# AVAILABLE DATA
━━━━━━
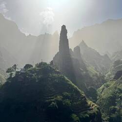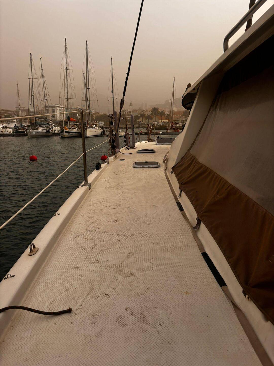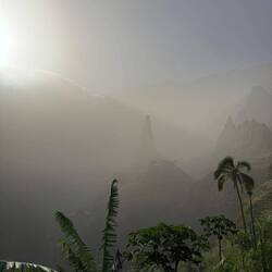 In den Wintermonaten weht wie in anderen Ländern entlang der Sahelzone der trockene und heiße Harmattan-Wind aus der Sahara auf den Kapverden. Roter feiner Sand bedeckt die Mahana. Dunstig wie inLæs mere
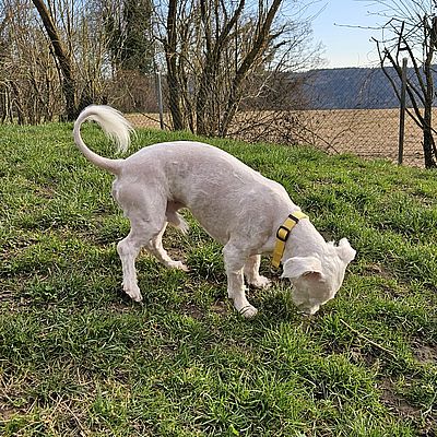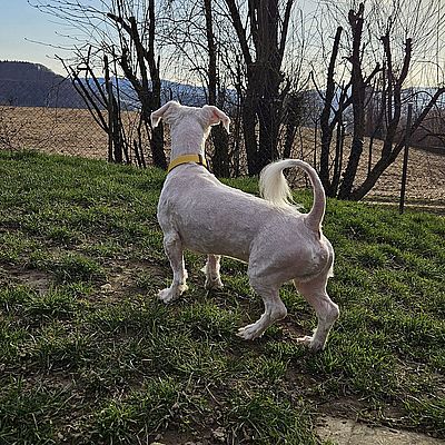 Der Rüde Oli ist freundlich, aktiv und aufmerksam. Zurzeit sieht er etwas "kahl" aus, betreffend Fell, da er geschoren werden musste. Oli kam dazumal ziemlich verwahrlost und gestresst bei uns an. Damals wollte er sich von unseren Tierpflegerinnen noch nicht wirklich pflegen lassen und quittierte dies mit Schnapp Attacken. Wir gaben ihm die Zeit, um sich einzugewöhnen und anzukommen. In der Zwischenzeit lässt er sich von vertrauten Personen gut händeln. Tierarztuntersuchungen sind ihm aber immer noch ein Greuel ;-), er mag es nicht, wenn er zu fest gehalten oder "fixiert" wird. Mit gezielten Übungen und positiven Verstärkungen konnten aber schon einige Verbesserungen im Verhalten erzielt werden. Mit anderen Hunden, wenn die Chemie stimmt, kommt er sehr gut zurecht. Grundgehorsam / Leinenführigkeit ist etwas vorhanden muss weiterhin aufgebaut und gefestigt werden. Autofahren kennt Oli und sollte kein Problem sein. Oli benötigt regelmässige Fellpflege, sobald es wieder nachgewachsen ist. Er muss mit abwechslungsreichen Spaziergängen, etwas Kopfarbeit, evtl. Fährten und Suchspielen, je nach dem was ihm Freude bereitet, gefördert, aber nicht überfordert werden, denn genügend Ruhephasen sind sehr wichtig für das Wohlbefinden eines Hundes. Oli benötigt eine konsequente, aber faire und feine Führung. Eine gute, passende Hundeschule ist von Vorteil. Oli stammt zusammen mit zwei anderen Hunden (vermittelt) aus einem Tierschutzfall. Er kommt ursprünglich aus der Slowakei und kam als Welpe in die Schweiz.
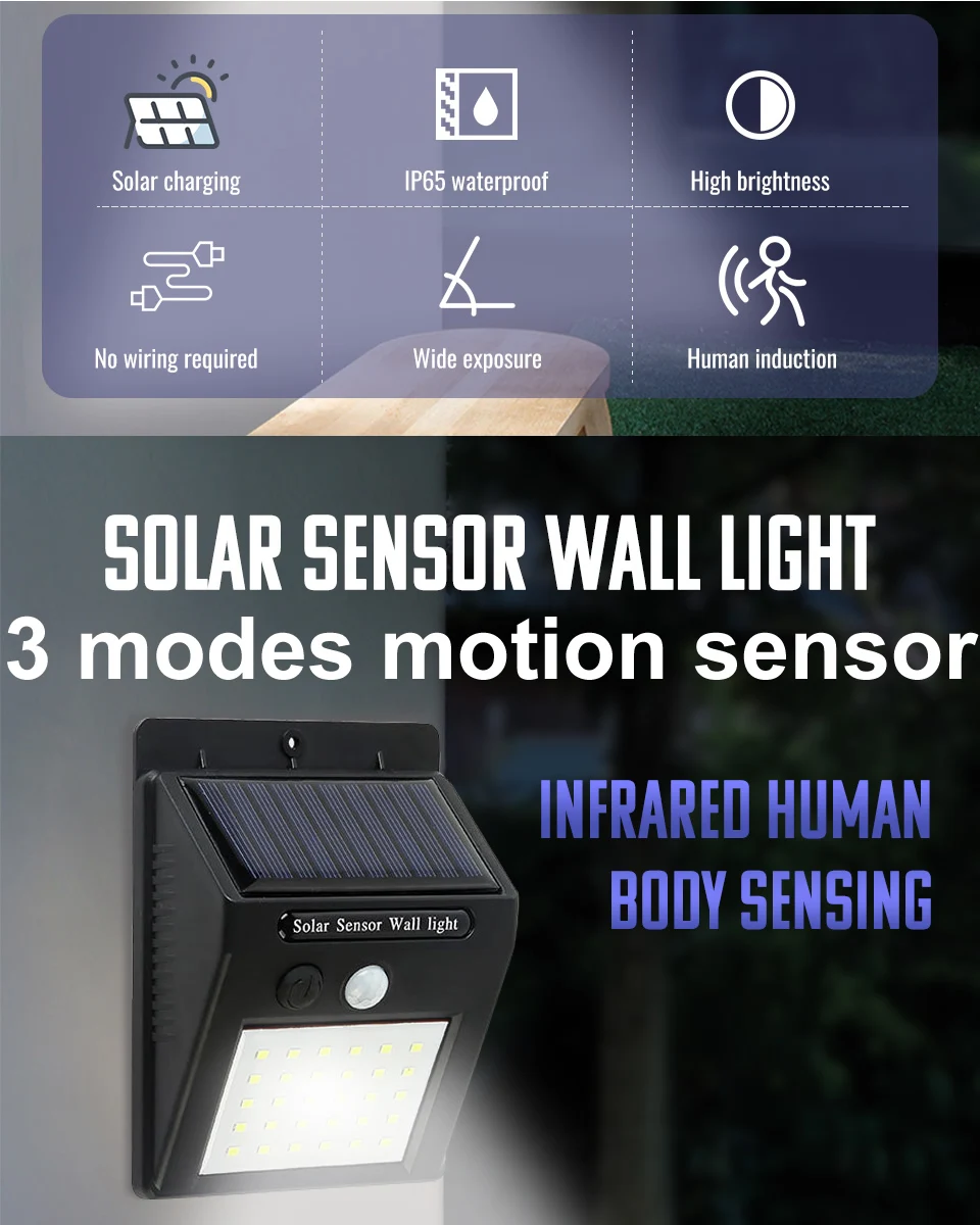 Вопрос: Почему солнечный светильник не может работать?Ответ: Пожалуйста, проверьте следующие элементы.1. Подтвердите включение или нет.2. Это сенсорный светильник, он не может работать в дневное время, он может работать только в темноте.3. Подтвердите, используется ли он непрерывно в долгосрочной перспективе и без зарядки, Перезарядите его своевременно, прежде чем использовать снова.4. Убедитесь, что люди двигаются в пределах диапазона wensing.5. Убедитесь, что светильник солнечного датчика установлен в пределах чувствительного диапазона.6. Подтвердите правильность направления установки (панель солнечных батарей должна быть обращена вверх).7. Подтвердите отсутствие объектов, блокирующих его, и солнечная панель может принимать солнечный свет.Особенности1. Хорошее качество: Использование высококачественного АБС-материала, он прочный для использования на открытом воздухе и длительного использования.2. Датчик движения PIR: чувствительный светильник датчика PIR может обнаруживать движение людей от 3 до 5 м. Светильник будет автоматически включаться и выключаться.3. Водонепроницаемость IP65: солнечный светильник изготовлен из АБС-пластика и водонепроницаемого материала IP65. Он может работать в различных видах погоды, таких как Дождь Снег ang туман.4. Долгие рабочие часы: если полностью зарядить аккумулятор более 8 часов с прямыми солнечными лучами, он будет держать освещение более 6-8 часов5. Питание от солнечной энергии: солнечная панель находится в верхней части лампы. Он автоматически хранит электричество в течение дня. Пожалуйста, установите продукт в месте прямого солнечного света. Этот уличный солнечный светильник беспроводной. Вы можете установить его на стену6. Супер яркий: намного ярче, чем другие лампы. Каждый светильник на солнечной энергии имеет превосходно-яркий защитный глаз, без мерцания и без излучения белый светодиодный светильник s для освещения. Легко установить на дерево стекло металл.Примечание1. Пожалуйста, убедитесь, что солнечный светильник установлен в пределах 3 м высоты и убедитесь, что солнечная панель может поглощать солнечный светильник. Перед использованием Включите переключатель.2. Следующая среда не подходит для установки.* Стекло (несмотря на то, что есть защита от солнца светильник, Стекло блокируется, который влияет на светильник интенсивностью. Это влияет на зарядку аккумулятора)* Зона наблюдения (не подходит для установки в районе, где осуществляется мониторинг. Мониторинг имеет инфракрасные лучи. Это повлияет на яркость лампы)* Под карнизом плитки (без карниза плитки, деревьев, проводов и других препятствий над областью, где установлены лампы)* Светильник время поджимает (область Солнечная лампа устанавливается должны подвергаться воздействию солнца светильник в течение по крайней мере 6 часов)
━━━━━━
# EXERCISE
Repeat the lines above, starting at the first and stopping after the line that holds "Der Rüde Oli", with the pictures left out.

# RESULT OF THIS TASK
 In den Wintermonaten weht wie in anderen Ländern entlang der Sahelzone der trockene und heiße Harmattan-Wind aus der Sahara auf den Kapverden. Roter feiner Sand bedeckt die Mahana. Dunstig wie inLæs mere
 Der Rüde Oli ist freundlich, aktiv und aufmerksam. Zurzeit sieht er etwas "kahl" aus, betreffend Fell, da er geschoren werden musste. Oli kam dazumal ziemlich verwahrlost und gestresst bei uns an. Damals wollte er sich von unseren Tierpflegerinnen noch nicht wirklich pflegen lassen und quittierte dies mit Schnapp Attacken. Wir gaben ihm die Zeit, um sich einzugewöhnen und anzukommen. In der Zwischenzeit lässt er sich von vertrauten Personen gut händeln. Tierarztuntersuchungen sind ihm aber immer noch ein Greuel ;-), er mag es nicht, wenn er zu fest gehalten oder "fixiert" wird. Mit gezielten Übungen und positiven Verstärkungen konnten aber schon einige Verbesserungen im Verhalten erzielt werden. Mit anderen Hunden, wenn die Chemie stimmt, kommt er sehr gut zurecht. Grundgehorsam / Leinenführigkeit ist etwas vorhanden muss weiterhin aufgebaut und gefestigt werden. Autofahren kennt Oli und sollte kein Problem sein. Oli benötigt regelmässige Fellpflege, sobald es wieder nachgewachsen ist. Er muss mit abwechslungsreichen Spaziergängen, etwas Kopfarbeit, evtl. Fährten und Suchspielen, je nach dem was ihm Freude bereitet, gefördert, aber nicht überfordert werden, denn genügend Ruhephasen sind sehr wichtig für das Wohlbefinden eines Hundes. Oli benötigt eine konsequente, aber faire und feine Führung. Eine gute, passende Hundeschule ist von Vorteil. Oli stammt zusammen mit zwei anderen Hunden (vermittelt) aus einem Tierschutzfall. Er kommt ursprünglich aus der Slowakei und kam als Welpe in die Schweiz.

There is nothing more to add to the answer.